Pakistan’s vulnerability to rising energy prices is not external—it is the result of structural choices in how it produces, exports, and consumes energy. The surge in global oil prices following the Iran conflict is being treated as an external shock. For Pakistan, it is something else entirely—a stress test. Not of global markets, but of the choices we have made at home.

For oil-importing economies, the consequences are immediate: higher import bills, rising inflation, and pressure on currencies. But for Pakistan, the real story lies not in the shock itself—but in how exposed we are to it. We can blame the increase in oil prices on the ongoing war but we cannot blame our dependence on oil on anyone but ourselves.

Pakistan imports roughly 80–85% of its oil requirements, leaving it highly exposed to global price swings (Pakistan Energy Yearbook /Ministry of Energy). Every $10 increase in oil prices adds an estimated $2–2.5 billion to the annual import bill, directly worsening the current account and putting pressure on the rupee (State Bank of Pakistan estimates).

This vulnerability is not new. It is the result of years of policy choices that we have made. Energy has been underpriced, gas misallocated, and diversification delayed despite clear alternatives. Pakistan’s energy mix remains heavily reliant on imported fuels, even as solar adoption rises and hydropower projects remain slow to materialise (NEPRA State of Industry Report 2024).

This time, however, the shock is visible. Energy costs are being passed through rather than being buried in subsidies and circular debt, consistent with cost-recovery reforms under Pakistan’s programme with the International Monetary Fund. That does not solve the problem—but it makes it impossible to ignore.

The more profound issue, however is, that rising energy costs do not just affect what Pakistan imports—they directly influence and undermine what Pakistan exports . As oil prices rise, so do energy and transport costs. This feeds into production, making Pakistani exports more expensive at precisely the moment when global demand is softening.

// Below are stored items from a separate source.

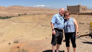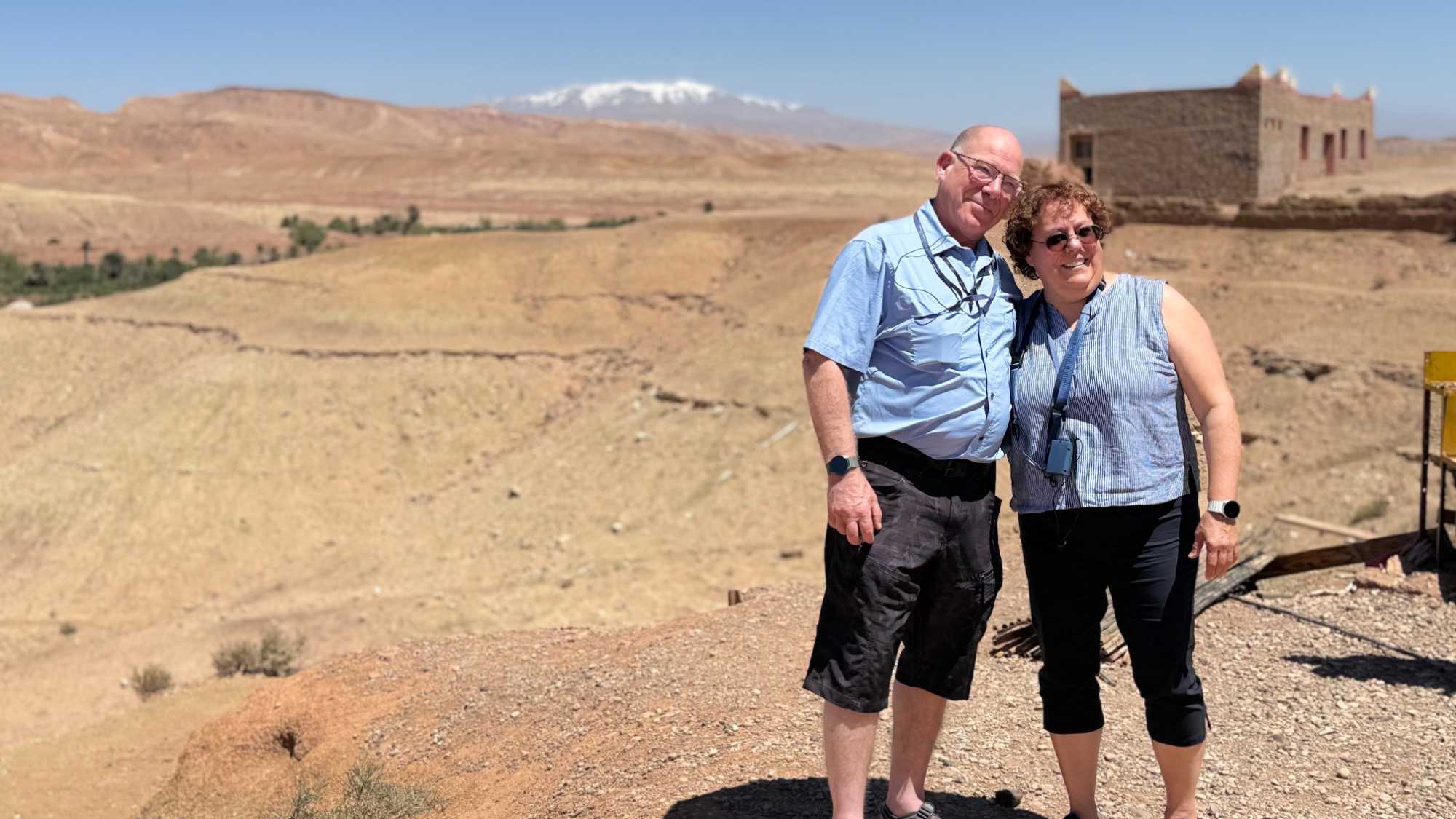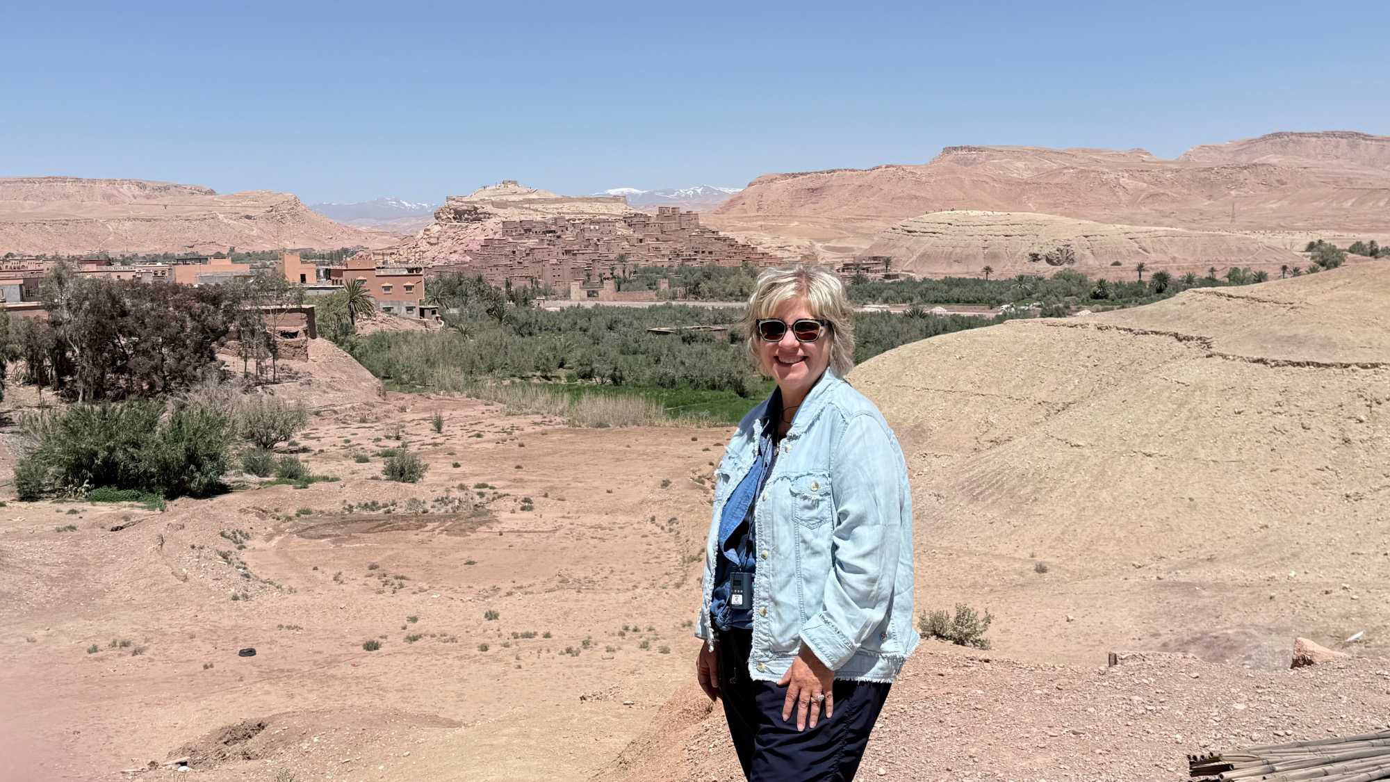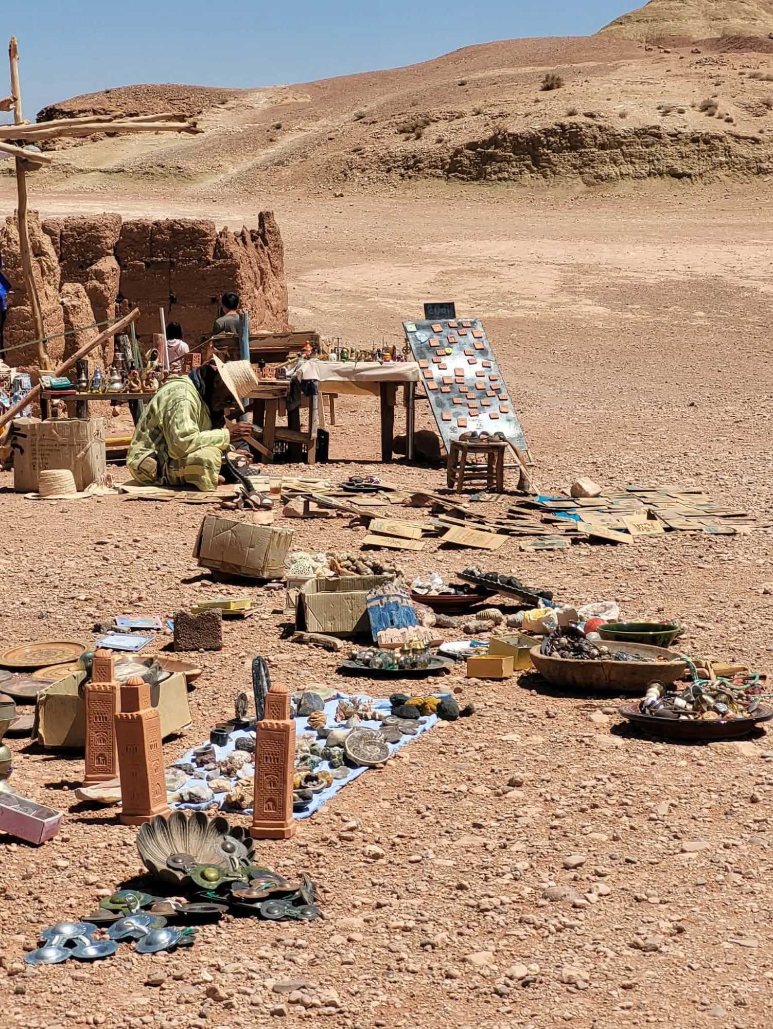 Installés sur une superbe terrasse, nous profitons d’un moment suspendu face à la splendide kasbah d’Aït Ben Haddou, admirant ses teintes ocre et son architecture de terre parfaitement intégrée au paysage.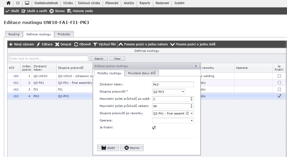 V nastavení routingu je u jednotlivých pracovišť možnost zaškrtnout políčko JE Finální
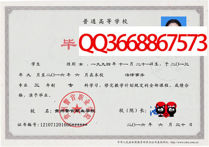 贵州警官职业学院毕业证档案毕业证样本学位证样本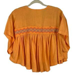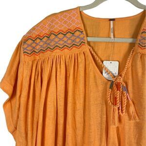 Free People Women’s Market Embroidered V-Neck Top Orange, Size M, NWT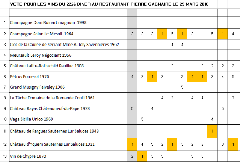Le vote des onze participants pour leurs cinq préférés parmi treize vins n’est pas une chose facile tant les vins sont différents. Selon quels critères peut-on départager Salon 64 Yquem 1921 ? Mais tout le monde a réussi à voter. Une chose me plait énormément : onze vins sur les treize ont eu des votes ce qui montre que onze vins méritaient de figurer parmi les cinq premiers d’au moins un convive. Cinq vins ont eu l’honneur d’être classés premiers. Trois vins ont été classés trois fois premiers : Salon 1964, Pétrus 1976 et Yquem 1921. Deux autres vins ont eu un vote de premier : Fargues 1943 et Chypre 1870.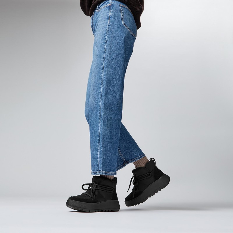 Paying a nod to 90s street style, these fun-and-functional booties boast puffer uppers on a chunky, yet light, sole. Pull on, with flecked tubular laces to adjust the fit.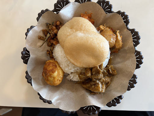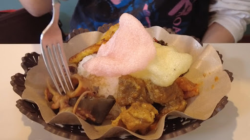 日本人女性の方がワンオペで切り盛りされているが、旦那さんがインドネシアの方だそうで、料理の味付けは本格的。おかずは7種類から4つ選べる。どれも食べたくて迷ってしまった。店名(Nikmat =おいしい、満足という意味のインドネシア語)のとおり、どれもおいしかった!一品ずつ味わいながら、後半は色々混ぜながらテイストハーモニー。サンバルの辛さもちょうどよい

That is where Pakistan’s second vulnerability becomes clear.

Textiles account for roughly 55–60% of exports, according to data from the Pakistan Bureau of Statistics and industry reports, yet much of this output remains concentrated in relatively low-value segments—yarn, grey cloth, and basic garments. These are products with limited pricing power, where buyers switch suppliers based on marginal cost differences.

Pakistan’s problem is not that oil is expensive. It is that too much of what we sell to the world is cheap. Contrast this with economies that have moved up the value chain. Italy exports high-end textiles and fashion apparel, where design and brand sustain margins. Germany and Japan export precision manufacturing, where energy is a small share of total value. India’s growing IT exports—exceeding $150 billion annually (NASSCOM)—are even further removed, driven by human capital rather than fuel inputs.

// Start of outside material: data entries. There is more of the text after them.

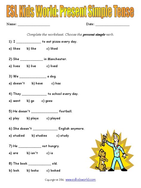 Alright, guys, let’s talk about the present simple tense. It’s the go-to tense for talking about habits, routines, facts, and general truths. Think of it as the workhorse of English grammar. It’s used so frequently that mastering it is super important if you want to speak and write English with confidence. Understanding the structure of the present simple is the first step. The basic structure is pretty straightforward: subject + base form of the verb (for I, you, we, they) or subject + verb + -s/-es (for he, she, it). For example, “I eat breakfast every morning” or “She studies English.” It’s that simple! But remember those pesky third-person singular verbs? They get an ’s’ or ‘es’ at the end. Don’t forget that! Let’s not forget about forming questions and negatives. To make a question, you’ll typically use do or does before the subject: “Do you like coffee?” or “Does he work here?” To form a negative sentence, use do not or does not (don’t or doesn’t): “I do not (don’t) eat meat.” Now we’re cooking with gas! The present simple is used in all sorts of situations. Everyday routines: “I wake up at 7 am.” General facts: “The sun rises in the east.” Habits: “I often watch movies.” Scheduled events: “The train leaves at 3 pm.” Knowing when to use it will make your English sound more natural and fluent. The secret is practice, practice, practice! The more you use it, the more comfortable you’ll become. By doing the gap fill exercise you can practice the present simple tense.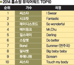 2014년 한해 홈쇼핑에서 걸그룹의 노래가 가장 많이 흘러나온 것으로 나타났다. GS샵이 2014년 1∼12월 홈쇼핑 채널에 삽입된 배경음악 1만여 곡의 방송횟수를 조사해 발표한 ‘2014 홈쇼핑 뮤직어워드’에서 씨스타의 ‘I Swear’가 1위를 차지했다. 씨스타는 이로써 2010년 데뷔곡 ‘PUSH PUSH’를 시작으로 ‘니까짓게’, ‘Loving you’ 등으로 5년 연속 홈쇼핑 뮤직어워드 톱10에 이름을 올렸다. 특히 올해는 10위 ‘Touch my body’까지 두 곡을 톱10에 올렸다.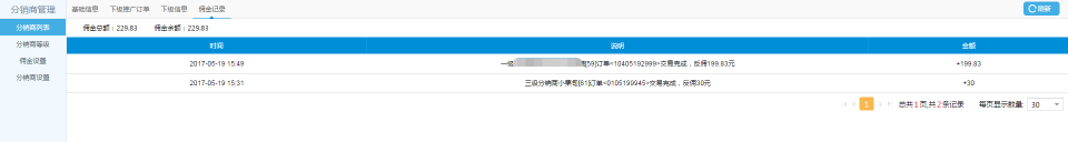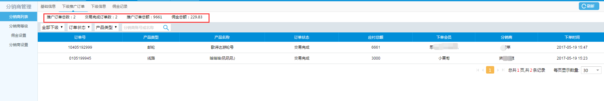 分銷商及其下級推廣的訂單信息,在此展示,方便管理員管理單個分銷商的分銷過程。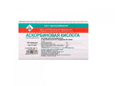 Аскорбиновая кислота 50 мг.Вспомогательные вещества: натрия гидрокарбонат (натрий двууглекислый), натрия сульфит (натрий сернистокислый) 2 мг, вода для инъекций, насыщенная углерода диоксидом до 1 мл.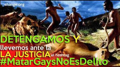 en España apoyar cualquier acto de violencia por razón de sexo, raza, religión u orientación sexual está penado. difundir y a poyar el odio en las redes sociales a este tipo de crímenes, considero que debería estar penado también. Corre un hagstag por las redes sociales #MatarGaysNoesDelito que vulnera claramente la ley incitando al odio.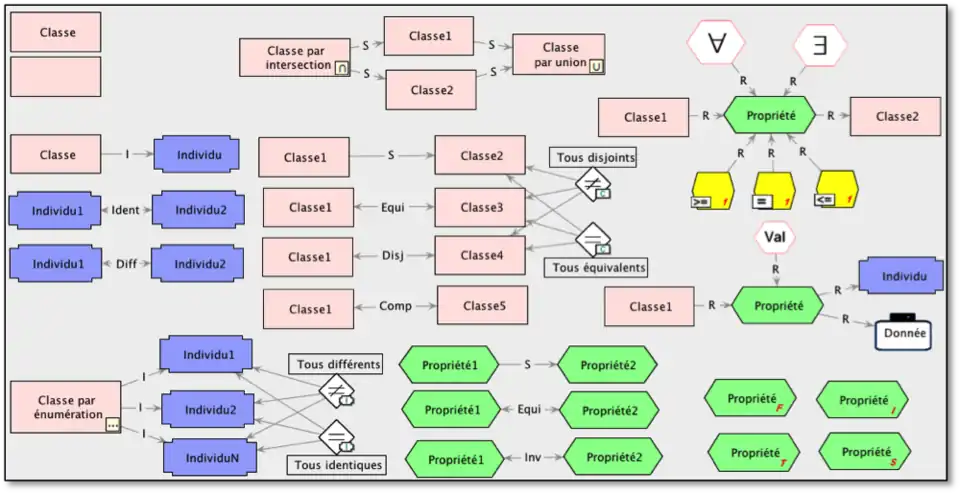 - - Modèle ontologique OWL-DL : Les éléments OWL sont représentés par des objets et des relations graphiques spécifiques. Des étiquettes spécifie certains axiomes de l'ontologie. Le modèle est validé lors de son exportation dans le format standard OWL-DL.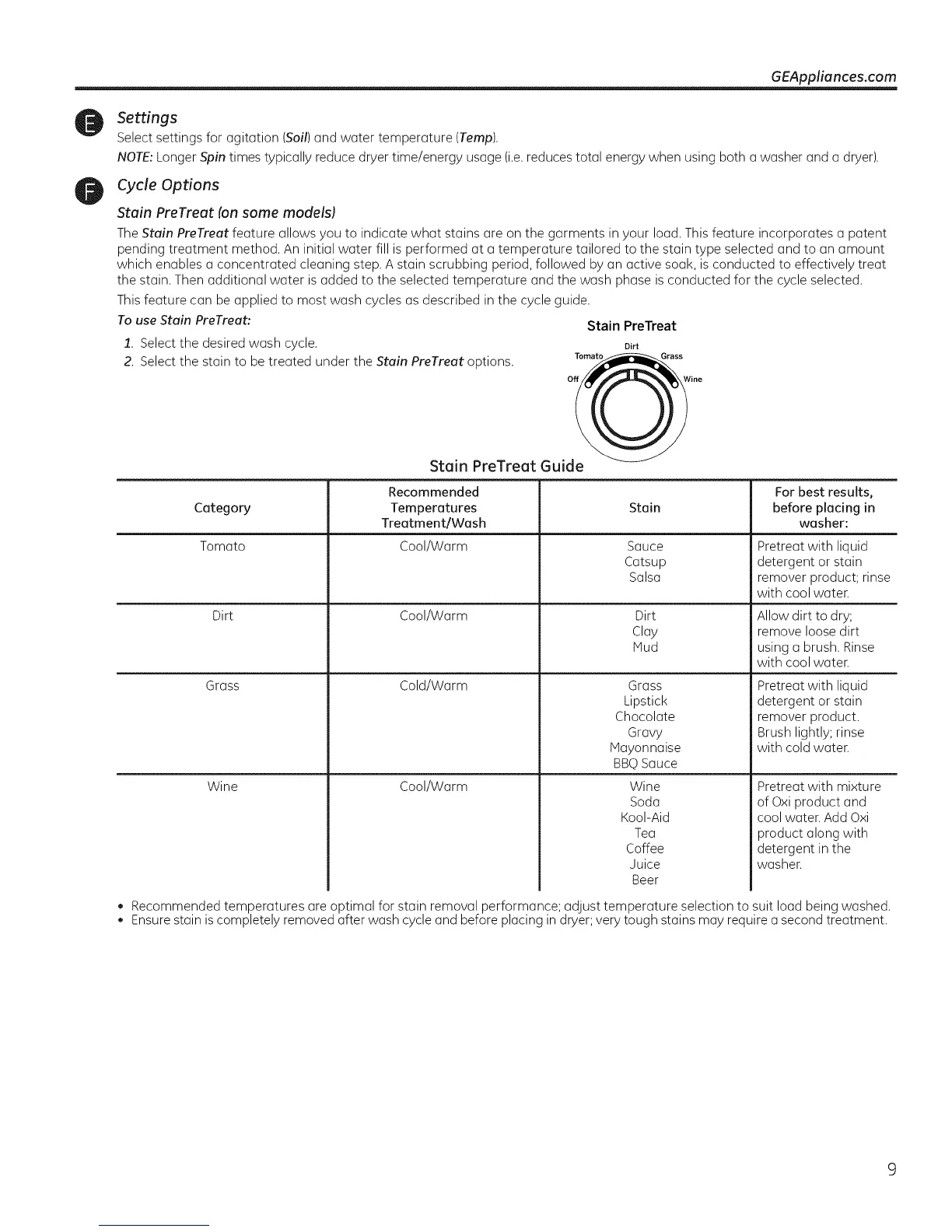 • Recommended temperatures are optimal for stain removal performance; adjust temperature selection to suit load being washed.

Countries that export ideas, brands, and technology are insulated from oil shocks. Countries that export commodities are amplified by them. This is precisely why the current crisis should not be viewed narrowly as an oil story. It is an economic structure story. Oil exposes it—but it does not create it.

There is, however, an opportunity in this moment. The fact that energy costs are now more visible creates the conditions for a more rational energy economy. It exposes distortions that have long encouraged overconsumption and inefficiency.

Exposure, however, must now lead to action. Energy must be allocated to productivity, not politics. Scarce gas should prioritise export-oriented industry rather than low-value consumption. Renewable deployment—particularly solar and wind—must accelerate, not as aspiration but as a compelling necessity.

Most importantly, export strategy must evolve. As long as Pakistan competes primarily on price, every global shock will translate into domestic instability. Moving up the value chain is no longer optional. It is macroeconomic necessity.

Pakistan has also been quick to position itself diplomatically in efforts to de-escalate the conflict. That is welcome. But crises abroad also remind us of unfinished business at home. Influence is strongest when it is backed by resilience.

The lesson from this crisis is therefore broader than oil. Pakistan does not just need energy security. It needs economic resilience. A country does not become secure when it finally acknowledges the true cost of energy. It becomes secure when it builds an economy that can withstand it.